Plants have a transformative role in the indoor setup. They not only contribute to the aesthetic aspect but also elevate the overall aura of the space. Undoubtedly, every indoor plant contributes equally.
When it comes to bonsai plants, they have a special aesthetic aspect attached to them. Maintaining bonsai is an art therapy. The miniature trees mimic the full-grown trees in the wild.
The word bonsai stands for “plant in a tray.” Bonsai cultivation first appeared in Japan in the 12th century and has been one of the most effective art therapies for over 2500 years.
Different bonsai convey different meanings. However, each symbolizes balance and the positive order of nature. Know these different styles of bonsai and their significance in life. Take the guide:
1. Forest Bonsai style (Yose-ue)
This is a multi-trunk-style tree in a small pot. This is done by multiple trunks planted together in a single bonsai container to give off the effect of a group of forests. The plants are placed in a zigzag pattern for a lush look. It is one of the most popular bonsai styles that displays a full landscape.
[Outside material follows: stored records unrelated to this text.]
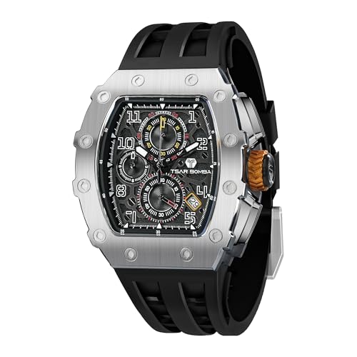 TSAR BOMBA Montre Homme 50M étanche Boîtier Tonneau en Acier Inoxydable Verre Saphir Bracelet en Silicone avec Fonction Fate Chronographe Mouvement à Quartz Japonais Cadeaux pour Hommes Mode Luxe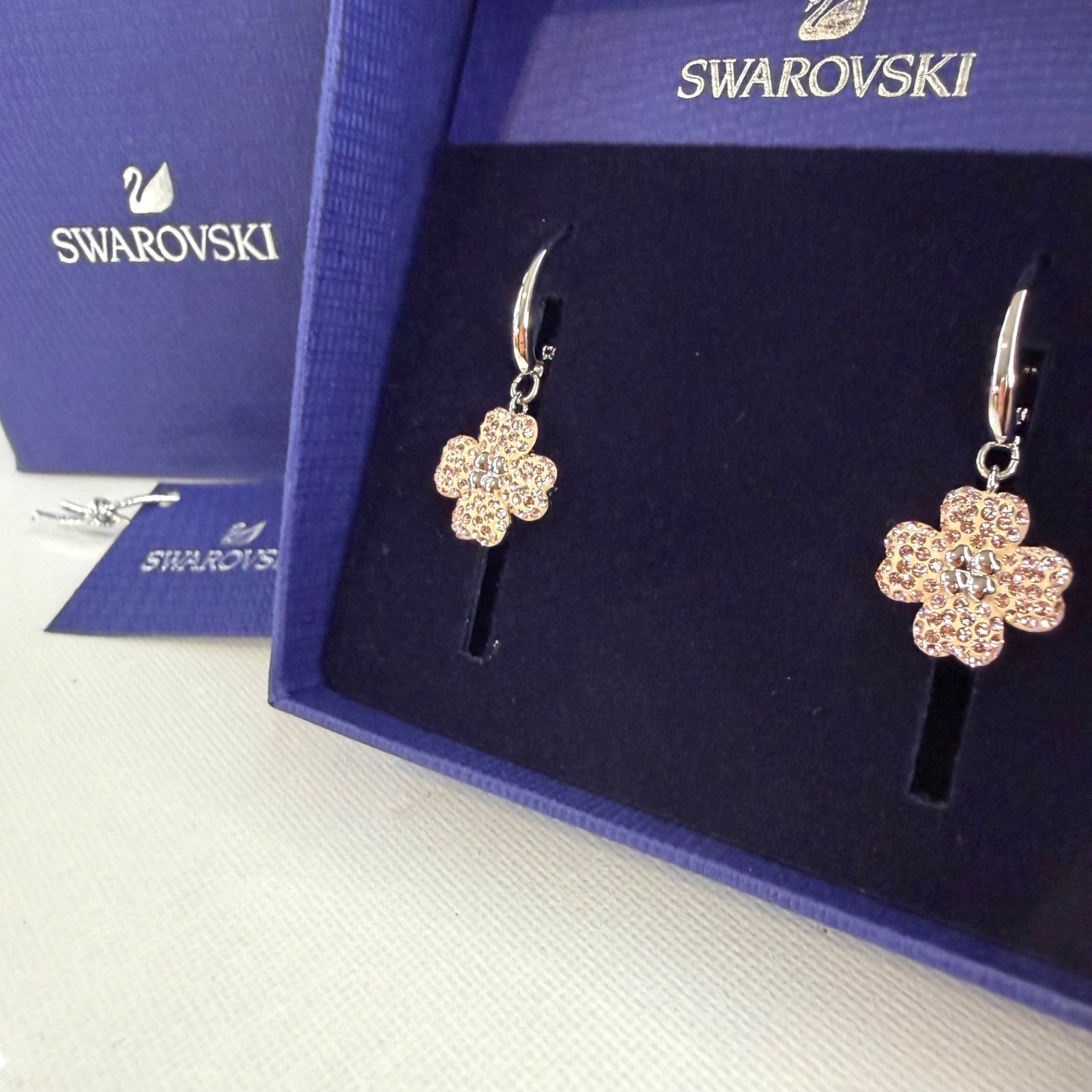 Swarovski Flower Earrings Pink Latisha Silver Rhodium Plated New In Box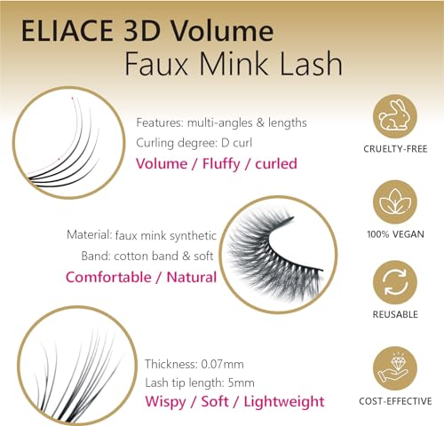 Eliace False Eyelashes Natural look Cat Eye Lashes Wispy Strips 3D Mink Lashes Fulffy,NEW 50 Pairs 5 Styles Fake Eyelashes,Faux Volume Curly Full,Thin Lash Band Soft Comfortable Lightweight Lash Pack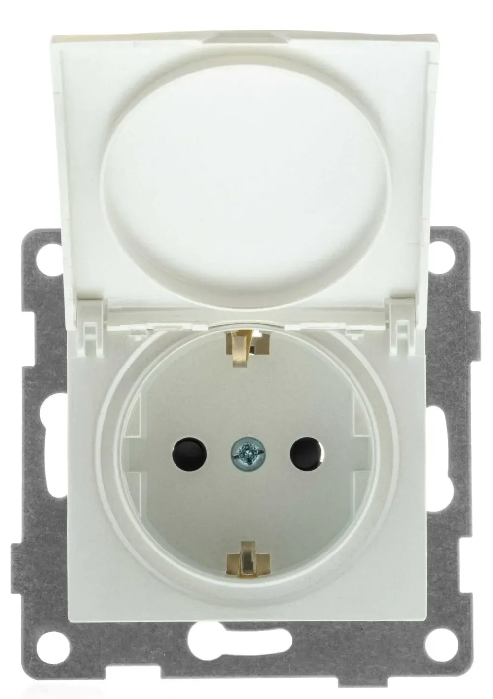 Розетка 2P+E Schuko со шторками с крышкой, 16А-250В, Эра Elegance, алюминий, 14-2103-03 ЭРА Б0034280

2. Windswept Bonsai style (Fukinagashi)
As the name suggests, this type of bonsai grows in one direction and depicts the flow of the wind in one direction leading to the tilting tree. The branches and the leaves also grow in one direction and ultimately slant in the same direction as well as if blown by the wind. Some recommended trees for this style are Japanese black pine and spruce.
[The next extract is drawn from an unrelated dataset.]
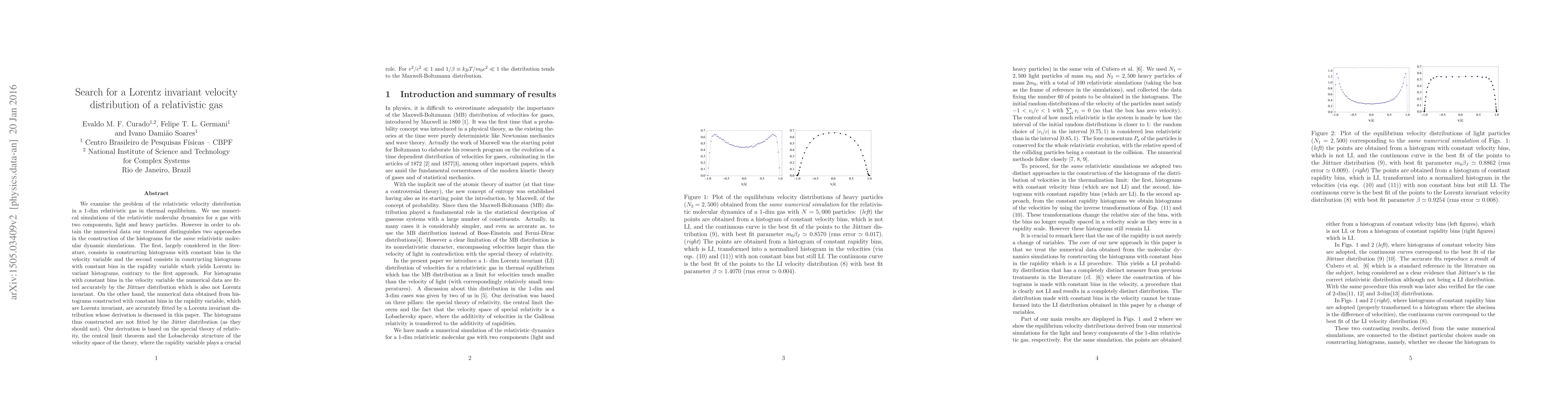 We examine numerically and analytically the problem of the relativistic velocity distribution in a 1-dim relativistic gas in thermal equilibrium. Our derivation is based on the special theory of relativity, the central limit theorem and the Lobachevsky structure of the velocity space of the theory, where the rapidity variable plays a crucial role. For v^2/c^2 << 1 and 1/\beta = k_B T/ m_0 c^2 << 1 the distribution tends to the Maxwell-Boltzmann distribution.

3. Formal upright Bonsai style (Chokkan)
This is a common bonsai style with a tapering trunk that receives enough care and sunlight. The trunk is thicker at the bottom and grows to be leaner as it shoots up. In this style, consecutive branches alternate from side to side. Recommended bonsai for this style are pine trees, Japanese cypress, and Japanese cedar.
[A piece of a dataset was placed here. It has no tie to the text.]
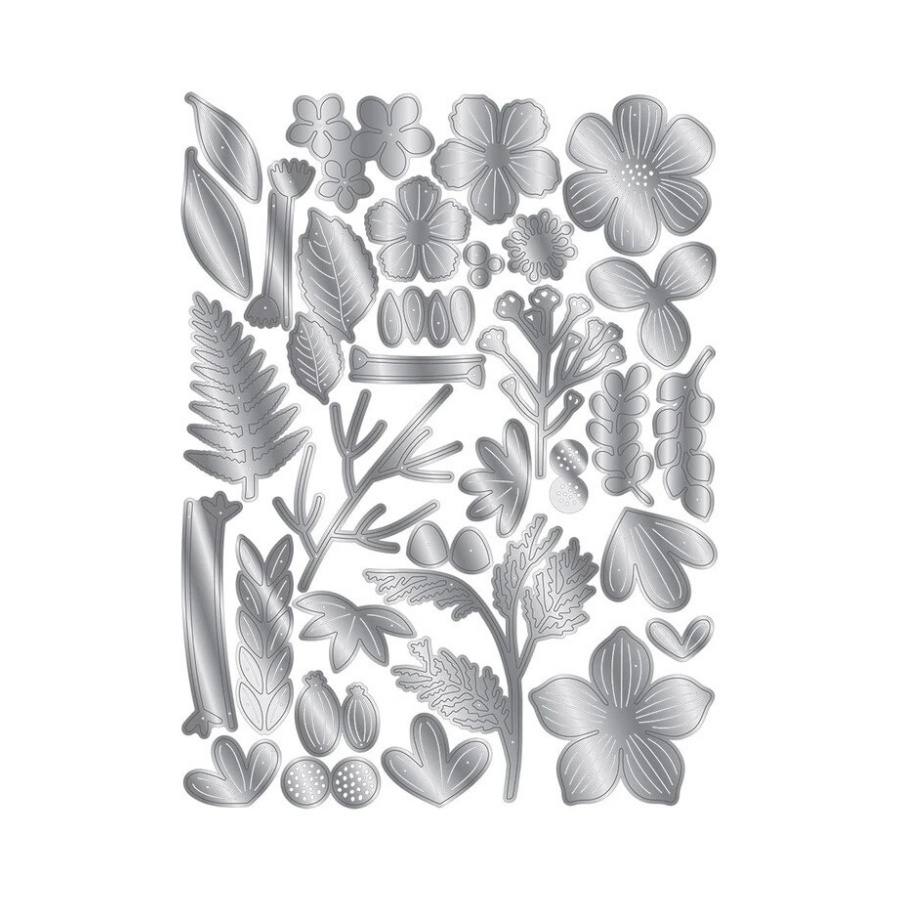 Deze verpakking bevat 32 snijmallen en 19 clearstempels waarmee u unieke papieren bloemmotieven kunt personaliseren.

4. Broom style Bonsai (Hokidachi)
In this style of bonsai, the trunk is upright and with branches shooting out resembling a Japanese fan. Interestingly, the trunk does not go to the top but shoots in all directions at about 1/3 the height of the tree. The crown of the tree is ball-shaped making it a picturesque sight.
5. Informal upright Bonsai style (Moyogi)
This type of bonsai grows in a somewhat S shape and is a common phenomenon in both natural and bonsai art. The trunk is thicker at the bottom at tapers to the top. The curving trunk is formed by bending it and wiring it front, back, right, and left. White pine and Japanese maple are most suited to Informal upright bonsai plants.
6. Double trunk style Bonsai (Sokan)
It is the bonsai style where the two trunks grow out of the root system and form a sharp V-shape. In this structure, one trunk dominates the other one in length and thickness and ultimately, both form a single crown of leaves or canopy. The small trunk called the child trunk remains a little more bent than the larger one. The recommended bonsai plants for this form are Japanese beech and maple.
7. Cascade Bonsai style (Kengai)
Trees have a natural tendency to grow upright. However, stooping can happen due to several reasons like falling rocks, excessive wind or snow, etc. And when it comes to growing a Cascading bonsai, it does take a lot of time and effort. This style is preferably done in tall pots. The tree is upright for a small stretch and then bends downwards with horizontal branches for the right balance. The best trees for this style are Satsuki azalea, and Juniper.
Bonsai art is all about personal creativity. The above types are a few guidelines to help you choose your art form.